言葉は刃物だ ~おねしょとコミュニケーション教育の話~
数年前のある日、私はとある小学校の教室でグループディスカッションの仕方を指導していた。お題は以下のようなものだった。
班の中で一人を選び、その人の悩みを聞いてください。
そして、その悩みが生じている原因を皆で話し合い、解決策をひとつ見つけてください。最後にそれを2分間のプレゼンテーションで発表してください。
ちなみに、この教室にいたのは5年生だ。
教職についている方や、年頃の子をお持ちの親御さんなら、このお題がいかに危険なものか、想像がつくかもしれない。
「こんなテーマに取り組ませて、うちの子が話した悩みが原因でいじめにでも遭ったらどうするつもりですか?」
学校に押しかけてそう叫ぶ保護者の姿が目に浮かぶ人すらいるかもしれない。
事実、このテーマに対して、私もひそかにヒヤヒヤする悩み事を打ち明けた男子児童がいた。
僕は、いまだに、おねしょがなおらない。
小学5年生の子がおねしょをすることくらい、いくらでもあるとまでは言わないが、かといって、特段珍しいことというわけでもない。しかし、それを思春期の男女がひしめく教室内で打ち明けるとなると、これはちょっとした事件である。
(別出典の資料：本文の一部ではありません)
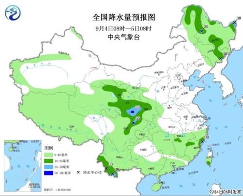 图1 全国降水量预报图(9月4日08时-5日08时)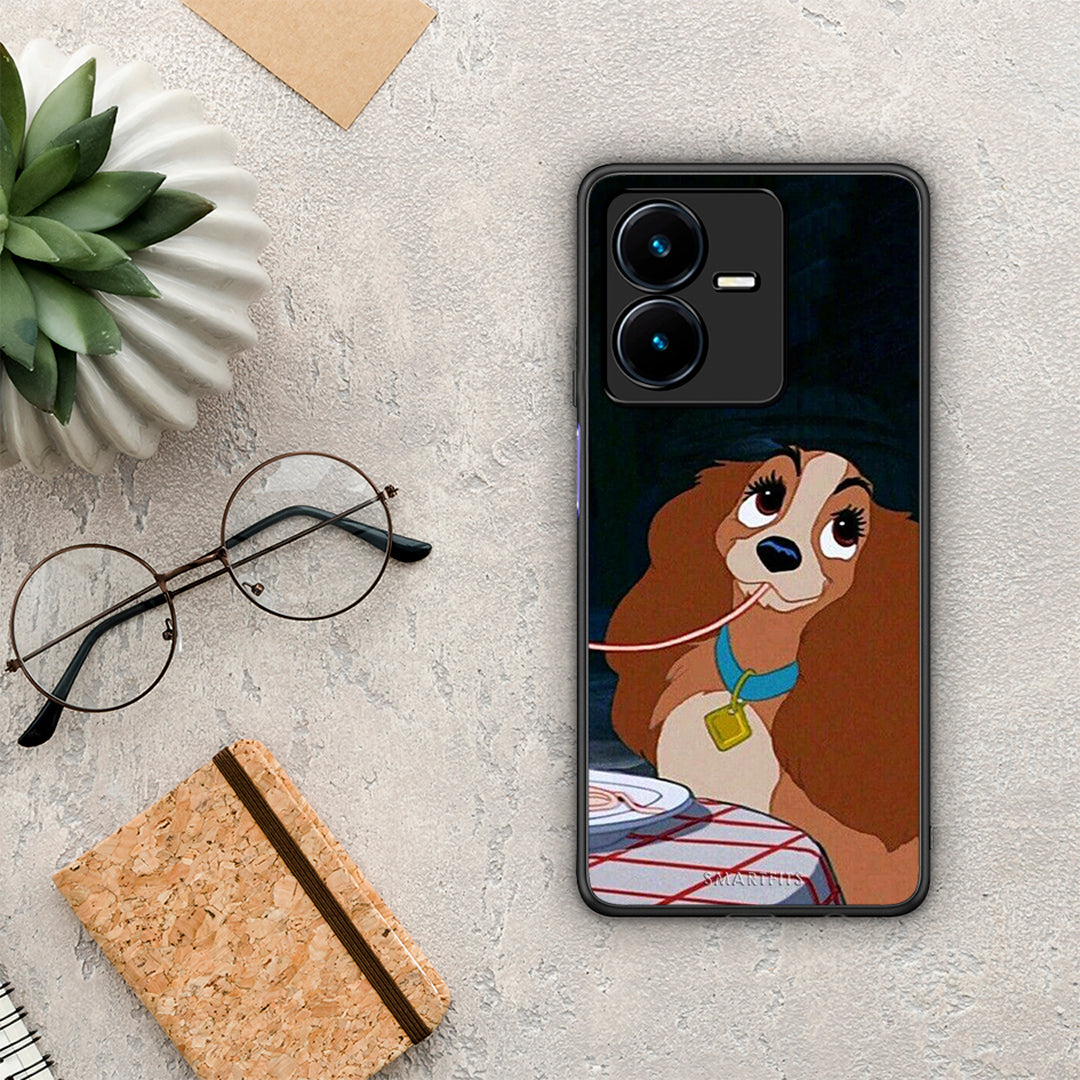 Θήκη Αγίου Βαλεντίνου Vivo Y22s Lady And Tramp 2 από τη Smartfits με σχέδιο στο πίσω μέρος και μαύρο περίβλημα | Vivo Y22s Lady And Tramp 2 case with colorful back and black bezels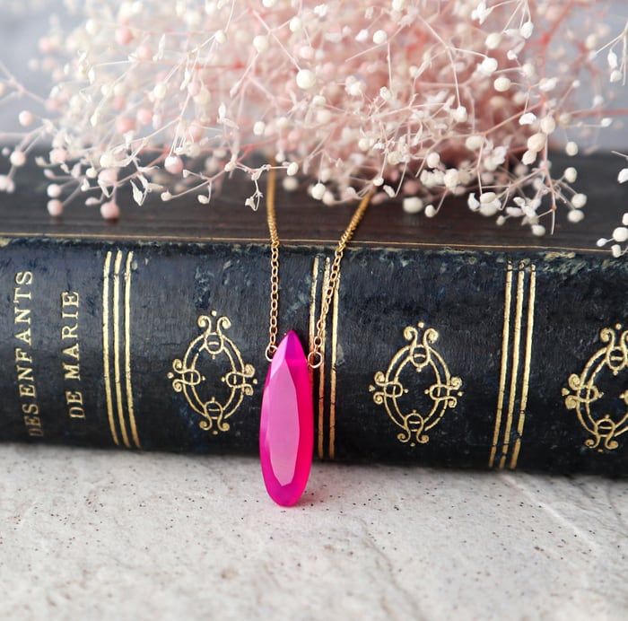 [天然石]フューシャピンクカルセドニー[金属部分]14k gold-filled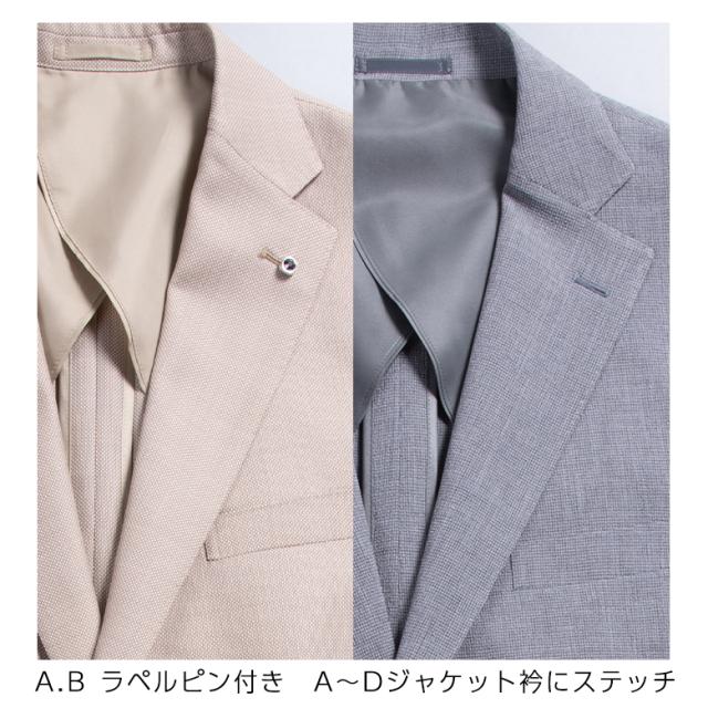 【仕様】背抜き仕様 サイドベンツ 袖口4つボタン 左胸ポケット 左右ポケット 左右内ポケット

教室内には、弱みを握られたくない相手もいるかもしれない。ひそかに思いを寄せている子もいるかもしれない。そう言う状況下で、彼は「おねしょがなおらない」を迷わず悩み事として、挙げた。
そして、この班の子たちの反応は実に立派だった。
彼らは原因究明のための質問を、淡々と進めていく。
・へぇ、週にどのくらいおねしょするの?
・寝る前にトイレに行かないこともある?
・寝る前にお水飲んだりする?
・怖い本とか読んだりしてない?
結果として発表されたプレゼンテーションは、
「寝る前にトイレを済ませましょう」
といった他愛もないものだったが、そのプロセスは私自身も、そしてそれを見学していた先生方も感動を禁じえなかった。
この授業では、私は特に「人を馬鹿にするようなことはやめましょう」とは言わなかった。禁じられるとやりたくなるのが人の性ということもあるし、Don'tsで子どもたちを縛るとディスカッションが盛り上がりにくいという面もある。
代わりに言った事と言えば、「せっかくだから、本当に悩んでいることを言ってみてほしい」ということだった。そんな中で提示された「おねしょ問題」は、彼にとって切実な悩みだったのだろう。そしてそれを「ふざけて受け止めてはいけない」と、班のみんながしっかり理解してくれたのだと思う。
ちなみに、この小学校では、兼ねてから私をプレゼンテーションやコミュニケーションの外部講師として登壇させてくださっており、1年目は単なる発表、2年目はグループでの発表、3年目はグループでの問題解決…といった形で年々レベルを上げて指導をしていた。
といっても、年に数回のことでしかない。日ごろの指導で、飛び降りても怪我しないようなフカフカの土壌をクラス内に作ったのは、まぎれもなく担任の先生の功績だと思っている。
言葉は、刃物だ。
そういう例えを私は良く引き合いに出す。
祖父が言っていた「言葉はメスにもなるしドスにもなる」という口癖が元だ。
人を病から救うメスのように言葉を使うこともできれば、チンピラが振り回すナイフのように人を傷つけるためにも使うことができてしまう。刃物と違うのは、言葉は勝手に人から人へと伝播して、いつの間にか人を傷つけたり、いつの間にか人を救ったりするということかもしれない。
SNSに群がる誹謗中傷は、本人にその刃が当たるという自覚もないまま投げられた手裏剣のようなものだ。…いや、時としてそれを「わざと」やっている人もいるだろう。自分の名だけを伏せたまま投げつける卑劣極まりない行為だと思う。
前回のユーモアに関する記事でも似たようなことを書いたが、コミュニケーション能力を磨くということは、この例えに乗っかれば「刃物を研ぐ」行為に等しい。学ぶにつれて切れ味が伴うからこそ、そこに求められる品性を併せて身に着けなければ、ダークサイドに堕ちる。
プレゼンテーションなりコミュニケーションスキルを学ぶのは、そういう意味で武道にも似ているところがある、と思う。